_What you are asked to do_
Among the records below, find the line with "Η ΑΕ Μυκόνου" and the line with "48 inch Single". Set down both and every line between, exactly and with no pictures, but nothing else.

+---+

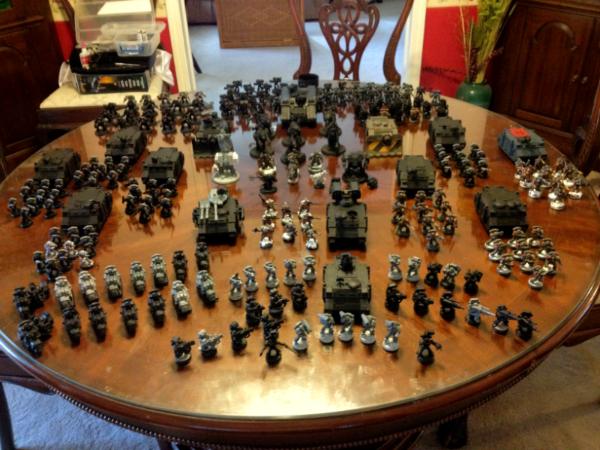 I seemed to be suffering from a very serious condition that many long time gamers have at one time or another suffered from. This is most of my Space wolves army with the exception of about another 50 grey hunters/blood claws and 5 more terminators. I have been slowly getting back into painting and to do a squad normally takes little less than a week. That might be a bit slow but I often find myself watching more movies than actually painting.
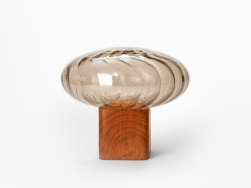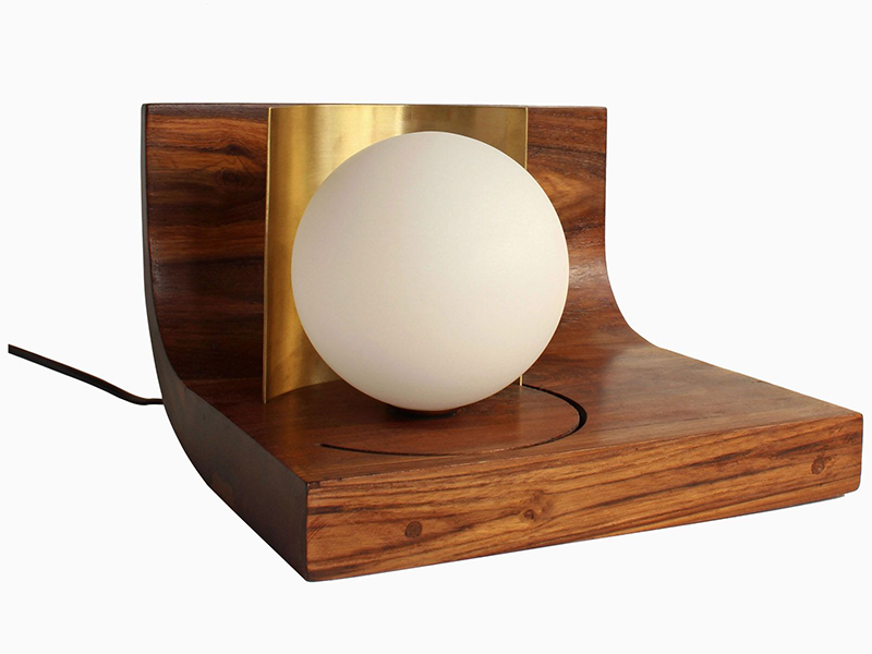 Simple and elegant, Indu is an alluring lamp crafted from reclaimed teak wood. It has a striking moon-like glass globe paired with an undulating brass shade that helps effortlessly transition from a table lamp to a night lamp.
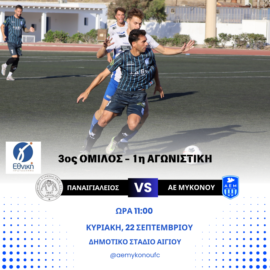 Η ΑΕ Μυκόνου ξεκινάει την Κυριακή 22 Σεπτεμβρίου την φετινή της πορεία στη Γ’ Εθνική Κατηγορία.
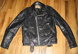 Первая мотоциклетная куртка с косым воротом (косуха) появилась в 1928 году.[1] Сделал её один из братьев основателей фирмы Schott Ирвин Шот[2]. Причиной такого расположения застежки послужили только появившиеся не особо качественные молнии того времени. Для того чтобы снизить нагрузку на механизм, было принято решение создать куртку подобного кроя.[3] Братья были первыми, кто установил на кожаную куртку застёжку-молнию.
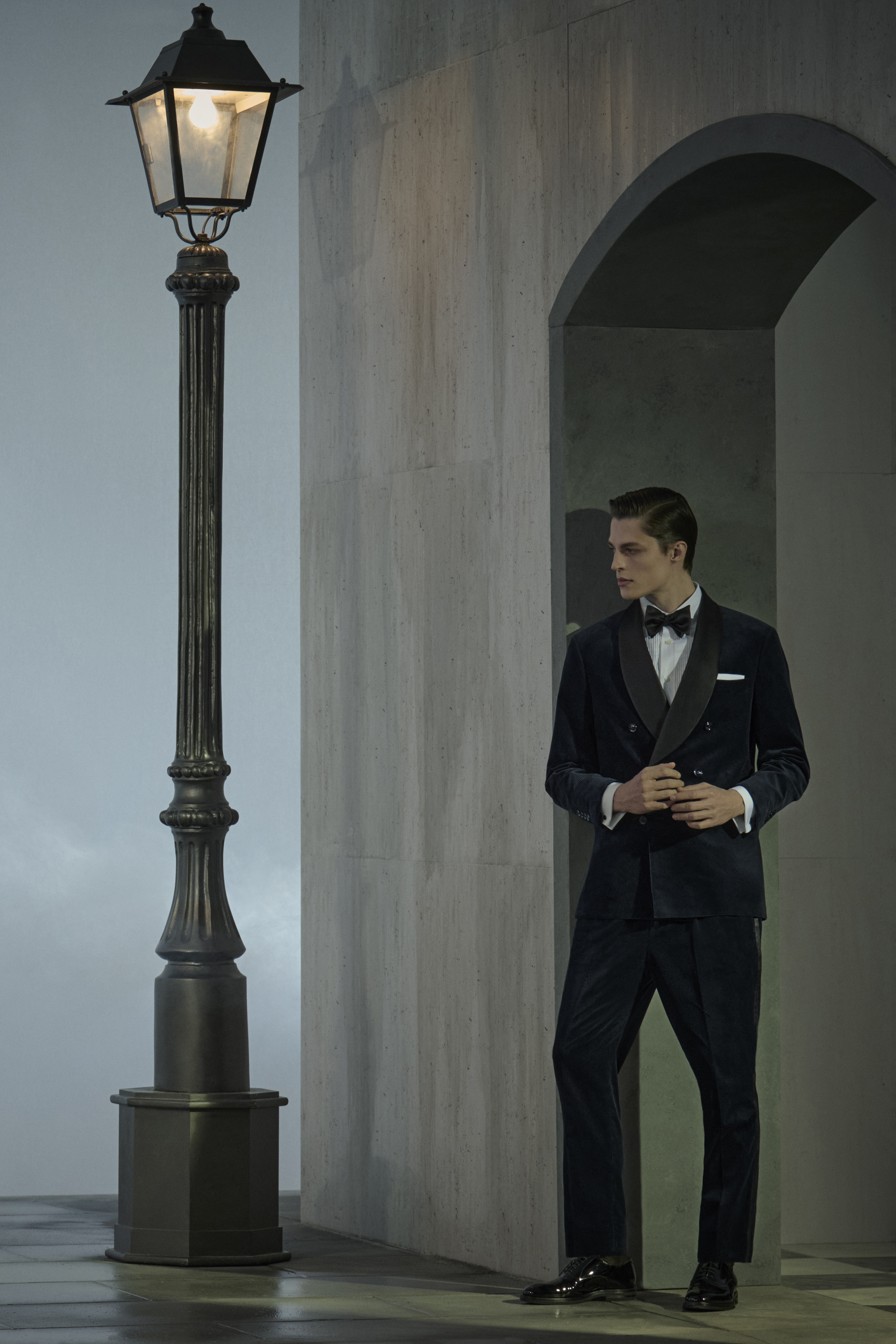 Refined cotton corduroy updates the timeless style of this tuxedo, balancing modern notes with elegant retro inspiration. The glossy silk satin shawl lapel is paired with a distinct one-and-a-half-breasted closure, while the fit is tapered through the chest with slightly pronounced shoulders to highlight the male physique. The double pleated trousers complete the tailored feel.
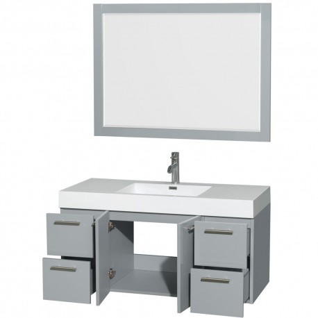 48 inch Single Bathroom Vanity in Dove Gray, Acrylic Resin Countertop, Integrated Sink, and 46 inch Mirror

+---+

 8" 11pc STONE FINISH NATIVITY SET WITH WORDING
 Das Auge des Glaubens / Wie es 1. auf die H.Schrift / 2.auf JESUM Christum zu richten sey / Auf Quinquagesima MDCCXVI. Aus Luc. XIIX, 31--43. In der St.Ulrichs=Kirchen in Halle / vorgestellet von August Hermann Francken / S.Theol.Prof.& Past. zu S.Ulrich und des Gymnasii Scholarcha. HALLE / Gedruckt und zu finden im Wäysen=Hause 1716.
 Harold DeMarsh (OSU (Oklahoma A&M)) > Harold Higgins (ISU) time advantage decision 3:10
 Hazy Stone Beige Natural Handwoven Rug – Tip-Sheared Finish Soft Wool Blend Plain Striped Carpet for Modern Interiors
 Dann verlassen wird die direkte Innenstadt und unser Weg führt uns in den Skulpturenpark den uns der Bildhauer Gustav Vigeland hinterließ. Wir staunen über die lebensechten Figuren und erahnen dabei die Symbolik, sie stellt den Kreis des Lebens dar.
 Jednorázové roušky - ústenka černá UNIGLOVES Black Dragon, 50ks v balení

+---+

_Your response_
 Η ΑΕ Μυκόνου ξεκινάει την Κυριακή 22 Σεπτεμβρίου την φετινή της πορεία στη Γ’ Εθνική Κατηγορία.
 Первая мотоциклетная куртка с косым воротом (косуха) появилась в 1928 году.[1] Сделал её один из братьев основателей фирмы Schott Ирвин Шот[2]. Причиной такого расположения застежки послужили только появившиеся не особо качественные молнии того времени. Для того чтобы снизить нагрузку на механизм, было принято решение создать куртку подобного кроя.[3] Братья были первыми, кто установил на кожаную куртку застёжку-молнию.
 Refined cotton corduroy updates the timeless style of this tuxedo, balancing modern notes with elegant retro inspiration. The glossy silk satin shawl lapel is paired with a distinct one-and-a-half-breasted closure, while the fit is tapered through the chest with slightly pronounced shoulders to highlight the male physique. The double pleated trousers complete the tailored feel.
 48 inch Single Bathroom Vanity in Dove Gray, Acrylic Resin Countertop, Integrated Sink, and 46 inch Mirror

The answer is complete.